At the moment we're using "detect" to guess encoding on urls, maybe we should try utf-8 first always, and if it fails, try and guess
kepstin-laptop
yeah, ä is 0xC3 0xA4 in UTF-8
nikki
I would just use utf-8 first and if it fails, leave it encoded
ocharles
nikki: the problem is then we can't display a pretty wikipedia name
nikki
why not?
wikipedia uses utf-8
kepstin-laptop
nikki: some of the wikipedias don't.
ocharles
nikki: the examples in that ticket isn't utf-8
nor is that de. url above
oh, sorry
that one is
but the one in the ticket is latin-1
nikki
actually they do. that example redirects
I only left it unedited so that I had an example I could find
ocharles
so we'd have to resolve the URL to display it, which is also not really an option
here's my real suggestion
kepstin-laptop
ocharles: you could leave them unencoded, until someone comes along and fixes them to use the correct UTF-8 url.
nikki
kepstin-laptop: exactly
ocharles
Add/editing URLs should only allow utf-8 encoding.

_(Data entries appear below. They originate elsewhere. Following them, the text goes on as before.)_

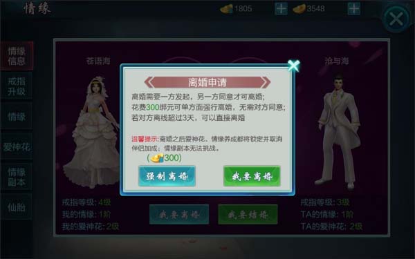 2.单方强制离婚,为单人操作,需要扣除发起方300绑定元宝。
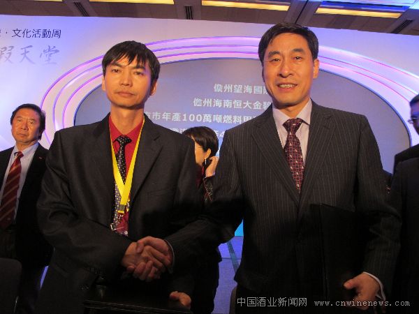 青啤公司副总裁黄克兴(右)与海南澄迈县文章来源中国酒业新闻网领导王斯(左)签约年产40万千升啤酒生产基地项目
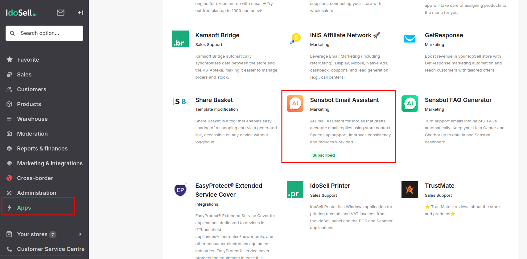 Bring intelligent AI-powered email assistance to your IdoSell store with the Sensbot Email Assistant. Follow these steps to install and configure it.
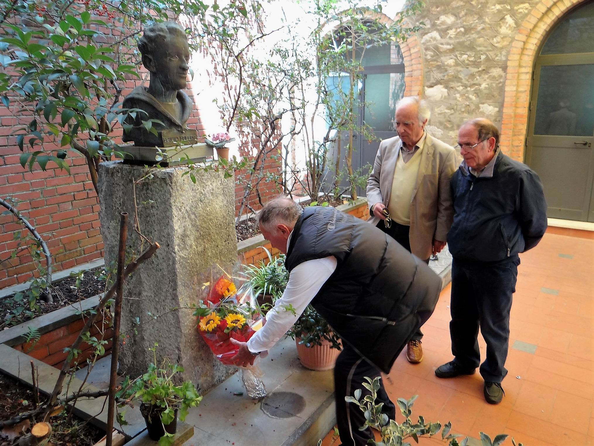 Romano Guani deposita i fiori ai piedi del busto del venerabile Egidio Bullesi
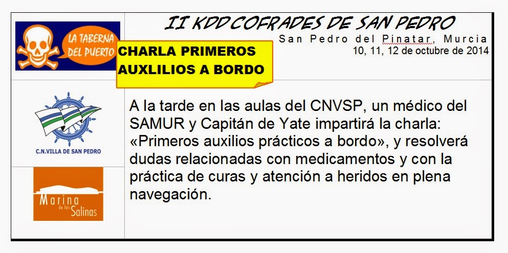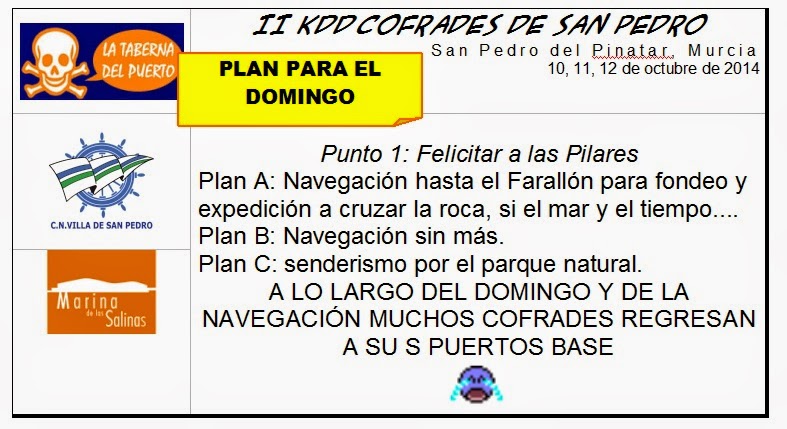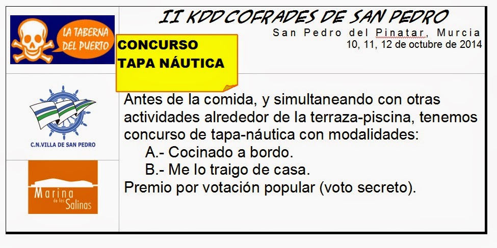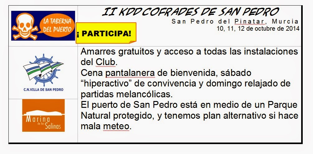 Sería un descanso organizativo y lo agradecerían los Clubes y los CEOs (no te digo ná los conserjes como yo). Además, se ha hablado que la Pinataerense se haga una vez en CNVSP (CLUB NÁUTICO VILLA SAN PEDRO) y otra vez en Marina Salinas. Y así hermanamos la Cofradía del Norte, que en el Mojón no hay puerto y el Pilar ya es «terra incógnita» ![]() ![]() ![]() ![]() ![]() ![]() ![]() ![]() ![]()
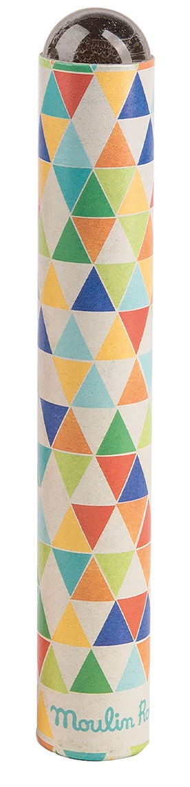 Дети будут рады познакомиться с замечательной оптической игрушкой – калейдоскопом от французской компании «Moulin Roty». Внутри волшебной трубки спрятан особенный волшебный мир, на который можно взглянуть через окуляр. Ребенок будет в восторге от сменяющих друг друга симметричных, разноцветных и никогда не повторяющихся узоров.
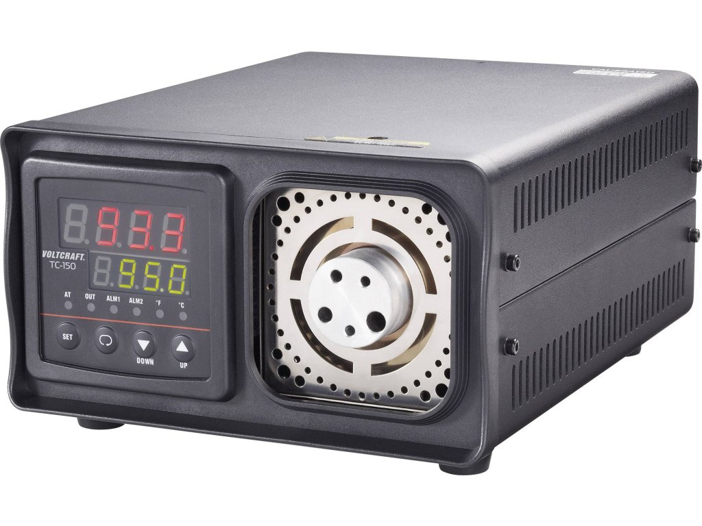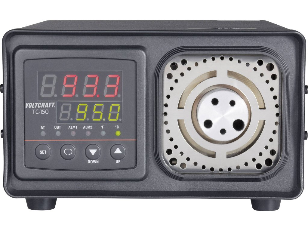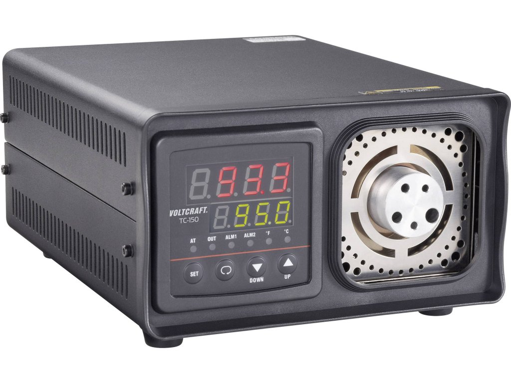 TC-150 umožňuje nastavení teploty kontaktních teploměrů. Teplota se nastavuje pomocí fóliové klávesnice. Dvouřádkový displej zobrazuje údaje o skutečné a požadované teplotě. Topné těleso obsahuje rozdílné otvory pro kontaktní měřící senzory s různým průměrem.Specifikace:
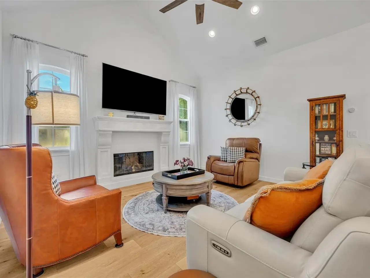 Cathedral ceiling with natural gas fireplace
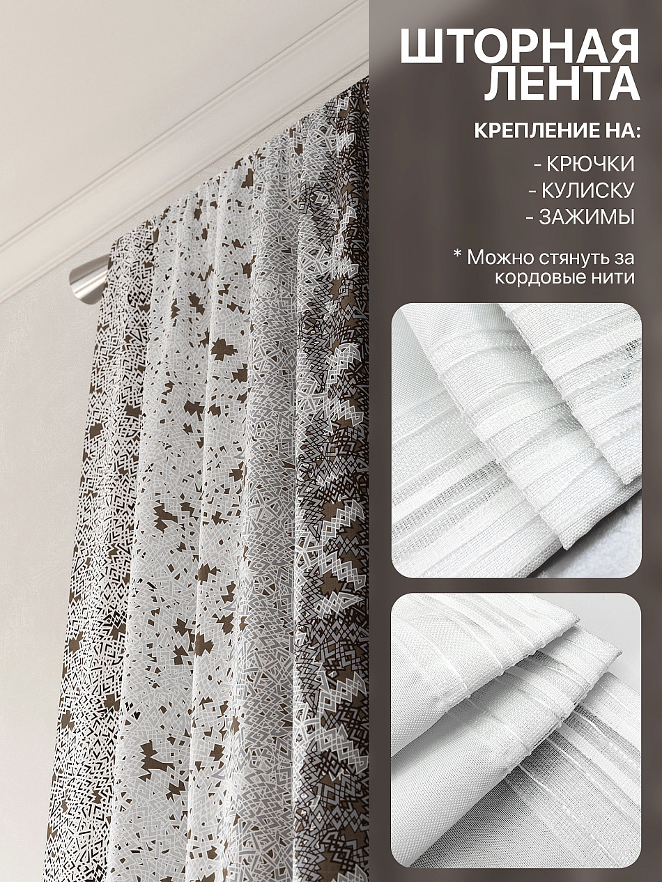 - Вид крепления Шторная лента (крючки) , Кулиска
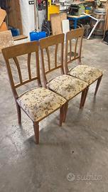Set di 3 sedie in legno da interno in condizioni medio buone, tappezzeria usurata. Dettagli in foto.
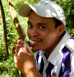 Daniel Reyes, Demo Farm foreman, shows why Inga is sometime known as the candy floss tree! Children especially love this natural sugary snack, making
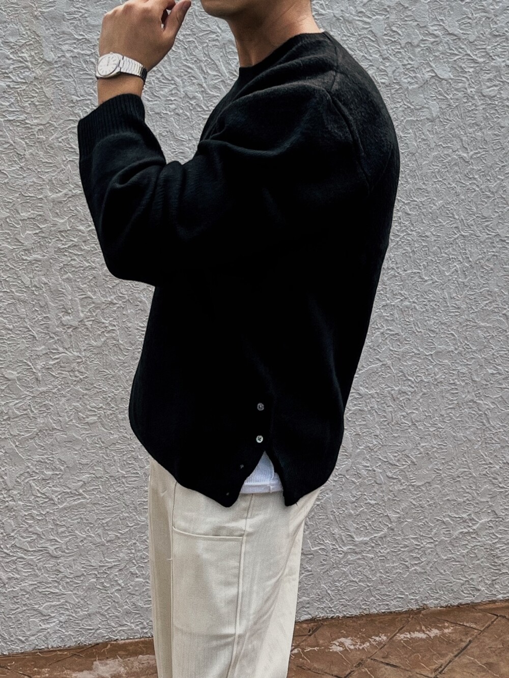 - 밑단 양 옆 절개(버튼)로 떨어지는 핏 조절 가능

If it's not utf-8, we present a user with a list of how it would look in various encodings, and they can correct it
nikki
that's what we did pre-ngs and it worked just fine
ocharles
In the database, we need to find a list of URLs that aren't utf-8, and just clean them up
kepstin-laptop
ocharles: presumably there are some legacy sites that don't use UTF-8 in urls tho; you can't just convert them, you'll get 404s.
ocharles
and we need to ensure that we *only* store utf-8 encoding in the database
nikki
and when a site only accepts non-utf-8? we tell the user they can't add it because we can't implement somehting we used to have?
ocharles
ok, then we need to store the encoding
nikki
I don't know why you're making it so bloody complicated
ocharles
getting emotional isn't going to help...
nikki
no, it isn't
ocharles
i'm not making it complicated, I'm making it correct
ocharles shrugs
kepstin-laptop
well, character sets are hard to detect, and requiring a user to manually select one would be quite a pain.
ocharles
kepstin-laptop: I was going to hide that complexity to the user though
instead of saying "is this utf-8 or latin-1" just say "which of these looks correct?"
<option value="encoding scheme">[ url in that encoding ]</option>
kepstin-laptop
ocharles: so, an imcomplete list? what do you pick if none are correct?
ijabz joined the channel
ocharles
kepstin-laptop: how would that be the case?
kepstin-laptop
ocharles: there are a lot of character sets.
ocharles
right
kepstin-laptop
so either a very long list, or an incomplete list :/
ocharles
well, the list would only display stuff that successful decodes from the bytes in the url to text
kepstin-laptop
for something that honestly really doesn't matter that much.
ocharles
it matters if we want to display them human readable
(in the wikipedia case)
kepstin-laptop
right now, all the sites where you use a human-readable version take UTF-8.
and the random urls to things like blogs, etc. don't have a human-readable name - none would make sense, so the character encoding doesn't matter.
ocharles
so what was nikki trying to suggest? if it doesn't decode, then just display the URL and nothing else?